Emory University professor Mark Bauerlein discussed his theory that the digital age, with its promise of instant communication and easy access to information, has actually produced a generation of young people (those under 30) who are less knowledgeable about the world around them and more self-absorbed than any that has preceded it.
"We keep waiting for the fruits of all of this greater knowledge and information to come forth in younger people," Bauerlein said. Yet, reading scores are down since the early 1990s, an increasing number of incoming college freshmen are placed into remedial courses, and employers complain about poor communications skills in their younger employees, he continued.
Bauerlein believes electronic messaging and social-networking (Twitter, MySpace, Facebook, etc.) have contributed to the problem, as these digital tools allow young people to remain entirely focused on themselves and their peers. Kids communicate with friends 24 hours a day about every trivial detail of their lives, Bauerlein said. This immersion in the adolescent world is preventing young people from growing up, he suggested.
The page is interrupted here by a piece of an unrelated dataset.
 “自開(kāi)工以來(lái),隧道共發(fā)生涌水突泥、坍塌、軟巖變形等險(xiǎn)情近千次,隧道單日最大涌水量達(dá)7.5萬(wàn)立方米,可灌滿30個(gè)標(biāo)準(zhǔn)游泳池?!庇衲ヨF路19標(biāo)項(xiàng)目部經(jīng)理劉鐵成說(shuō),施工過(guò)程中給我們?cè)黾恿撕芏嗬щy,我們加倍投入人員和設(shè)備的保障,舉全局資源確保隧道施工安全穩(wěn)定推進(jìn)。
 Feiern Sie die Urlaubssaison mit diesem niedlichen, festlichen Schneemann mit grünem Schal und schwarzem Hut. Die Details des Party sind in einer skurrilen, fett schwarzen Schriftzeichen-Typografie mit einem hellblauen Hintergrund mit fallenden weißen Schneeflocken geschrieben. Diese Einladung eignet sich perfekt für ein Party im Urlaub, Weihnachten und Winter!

In addition, Bauerlein pointed out that constant texting, with its simple sentences and peculiar grammar, has reduced this generations' capacity to write cogent arguments, read dense texts and in general perform well as students. As many as 55% of high school students study or read no more than one hour per week, he added.
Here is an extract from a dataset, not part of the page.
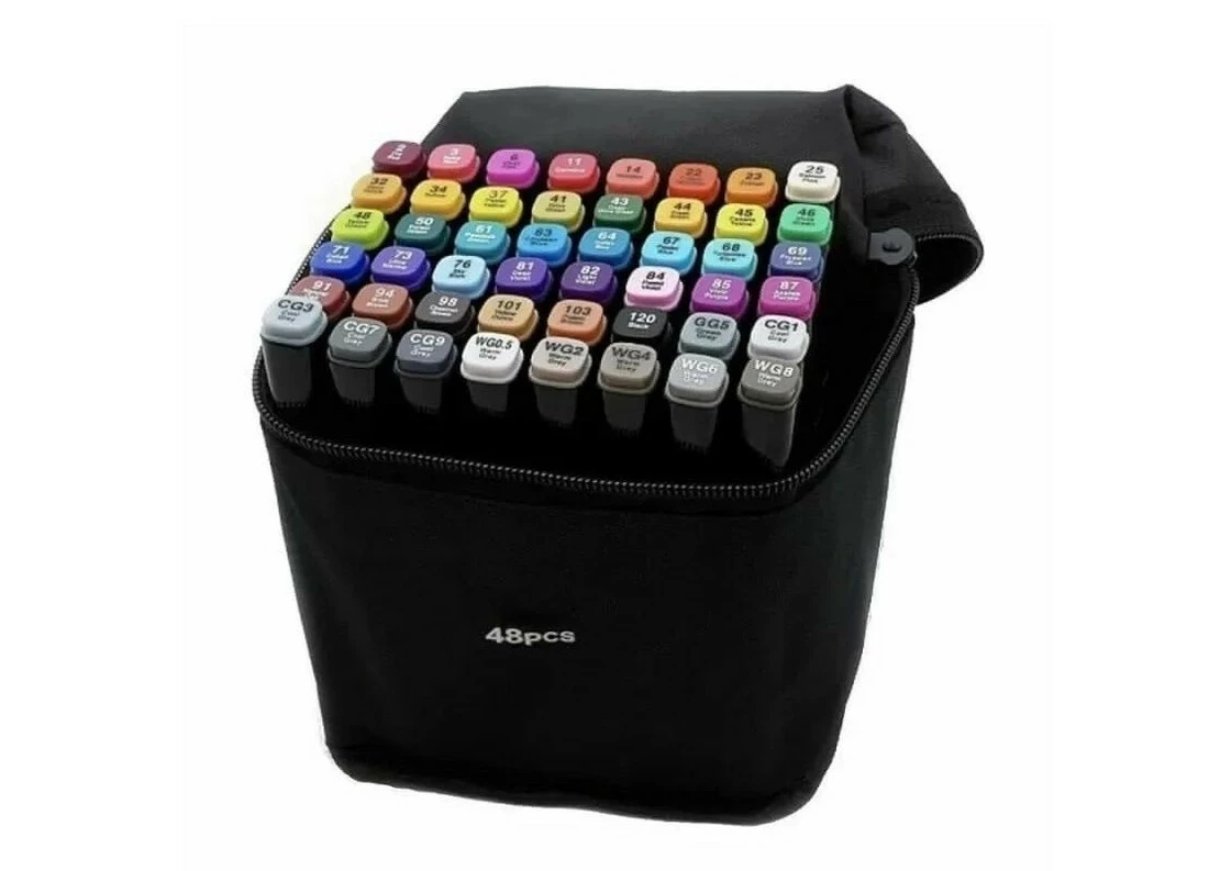 В наборе 48 маркеров разных цветов. Корпус пластиковый, гладкий. Колпачки плотно закрываются. Для удобства распознавания типа пера концы маркеров окрашены разным цветом.

Bauerlein also expressed concern over statistics that show the number of young Americans majoring in science, math and technology has dropped over the last 20 years. A larger number of foreign born students are now seeking advanced degrees in these subjects, he said. This dramatic shift will eventually cause the United States to lose its intellectual edge to other nations, such as China and India, and ultimately diminish the country's economic power as well, Bauerlein warned.